On February 9, 2004, Progress Capital Holdings, Inc. paid at maturity $25
million 6.48% medium term notes with excess cash.

For the three months ended March 31, 2004, the Company issued approximately
0.7 million shares of its common stock for approximately $29 million in
proceeds from its Investor Plus Stock Purchase Plan and its employee
benefit plans.

8. BENEFIT PLANS

The Company and some of its subsidiaries have a non-contributory defined
benefit retirement (pension) plan for substantially all full-time
employees. The Company also has supplementary defined benefit pension plans
that provide benefits to higher-level employees. In addition to pension

14


benefits, the Company and some of its subsidiaries provide contributory
other postretirement benefits (OPEB), including certain health care and
life insurance benefits, for retired employees who meet specified criteria.
The components of the net periodic benefit cost for the three months ended
March 31 are:



Other Postretirement
Pension Benefits Benefits
-------------------- ---------------------
(in millions) 2004 2003 2004 2003
-------------------- ---------------------
Service cost $ 13 $ 13 $ 4 $ 3
Interest cost 28 27 8 8
Expected return on plan assets (37) (36) (1) (1)
Amortization of actuarial (gain) loss 5 5 1 1
Other amortization, net - - 1 1
-------------------- ---------------------
Net periodic cost $ 9 $ 9 $ 13 $ 12
Additional cost / (benefit) recognition (a) (4) (4) 1 1
-------------------- ---------------------
Net periodic cost / (benefit) recognized $ 5 $ 5 $ 14 $ 13
==================== =====================
(a) Relates to the acquisition of FPC. See Note 16B of Progress Energy's
Form 10-K for year ended December 31, 2003.

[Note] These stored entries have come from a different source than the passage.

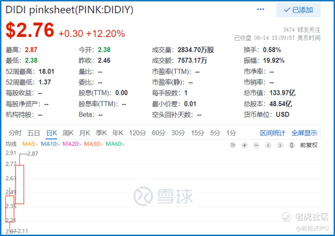 众所周知,不存在长期被低估的股票。滴滴转入粉单市场后两天,连续上涨2天,从最低2.11美元上涨至2.76美元,区间涨幅30%。这意味着,滴滴估值正在出现快速修复。
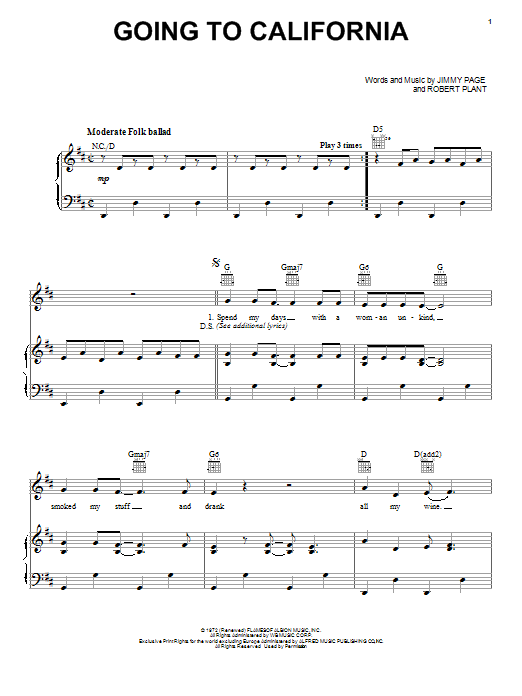 Download or print Led Zeppelin Going To California sheet music, chords and digital score arranged for Guitar Tab. This Rock score includes 8 page(s).
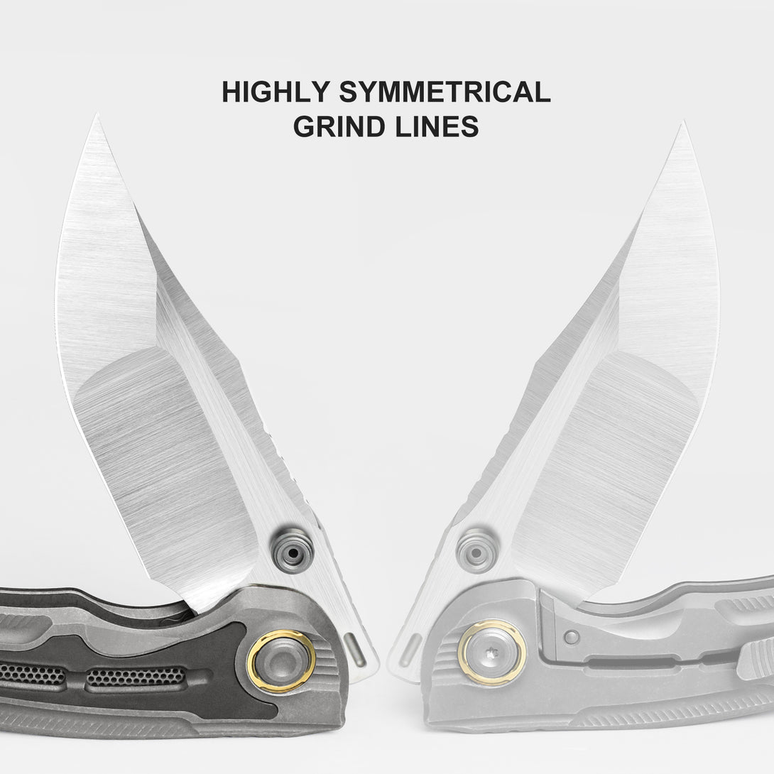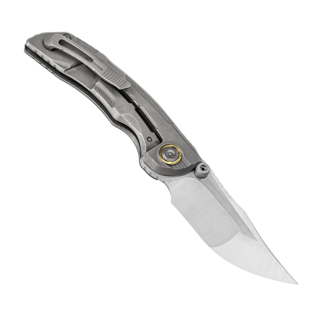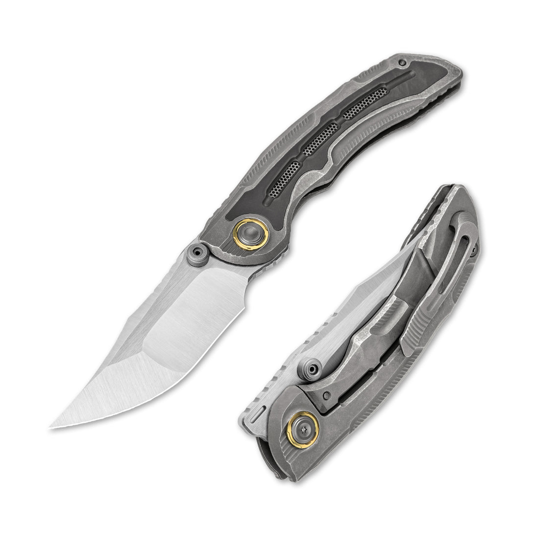 Heavy stonewashed titanium handle with a milled mesh pattern and robotic wing feather texture.
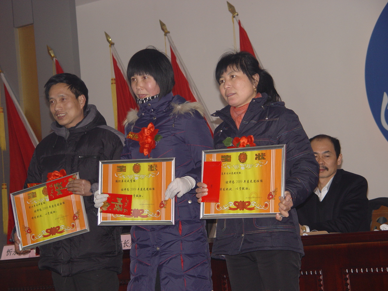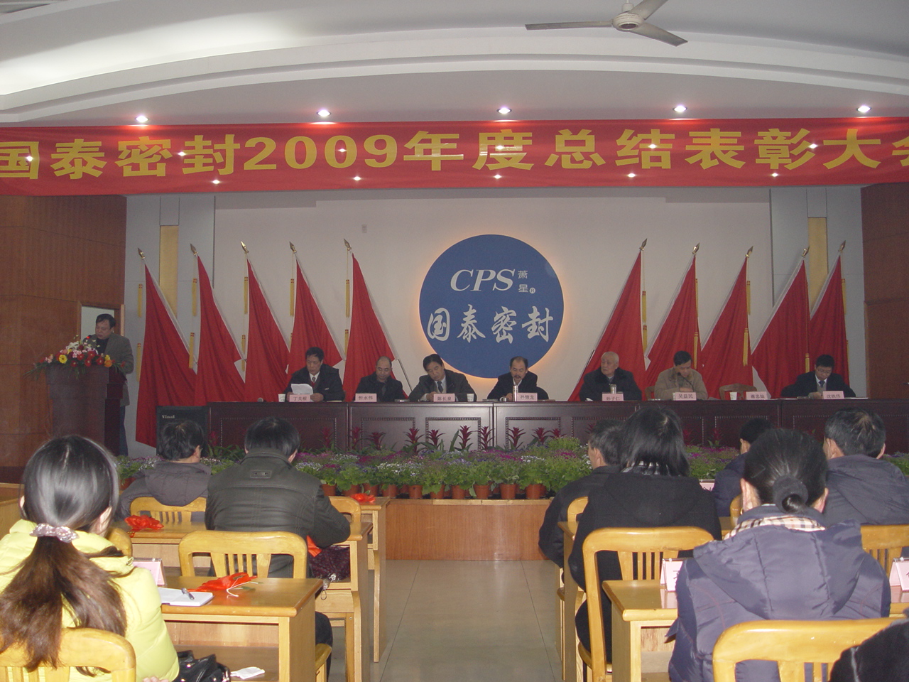 2010年2月6日下午,国泰密封09年度总结表彰大会在公司大会堂召开,会议由常务副总吴益民主持。公司董事长、总经理孙锦龙对09年工作进行了总结,并对2010年工作提出了新的要求,他指出尽管金融危机影响到我们经营业绩,给我们的生产、销售等带来了一定的困难和挑战,但经过全体员工的共同努力,我们的市场份额并没有减少,局部还开发了新市场。在新一年里,坚信在公司高层的正确领导下,全体员工齐心协力国泰密封一定会再创辉煌。随后生产副总蒋忠灿宣读了09年度的公司重大创新奖、先进集体和先进个人名单,在欢乐的音乐声中对各先进进行了表彰。颁奖后,先进集体代表章佳红、先进个人代表俞立丰上台作了获奖感言,杭州高投公司总经理陈长泉和公司创始人孙子仁也分别在台上讲话。

In December 2003, the Medicare Prescription Drug, Improvement and
Modernization Act of 2003 (the Act) was signed into law. In accordance with
guidance issued by the FASB in FASB Staff Position FAS 106-1, the Company
has elected to defer accounting for the effects of the Act due to
uncertainties regarding the effects of the implementation of the Act and
the accounting for certain provisions of the Act. Therefore, OPEB
information presented in the financial statements does not reflect the
effects of the Act. When specific authoritative accounting guidance is
issued, it could require plan sponsors to change previously reported
information. The Company is in the early stages of reviewing the Act and
determining its potential effects on the Company.

9. RISK MANAGEMENT ACTIVITIES AND DERIVATIVE TRANSACTIONS

Progress Energy and its subsidiaries are exposed to various risks related
to changes in market conditions. The Company has a risk management
committee that includes senior executives from various business groups. The
risk management committee is responsible for administering risk management
policies and monitoring compliance with those policies by all subsidiaries.

Under its risk management policy, the Company may use a variety of
instruments, including swaps, options and forward contracts, to manage
exposure to fluctuations in commodity prices and interest rates. Such
instruments contain credit risk if the counterparty fails to perform under
the contract. The Company minimizes such risk by performing credit reviews
using, among other things, publicly available credit ratings of such
counterparties. Potential nonperformance by counterparties is not expected
to have a material effect on the consolidated financial position or
consolidated results of operations of the Company.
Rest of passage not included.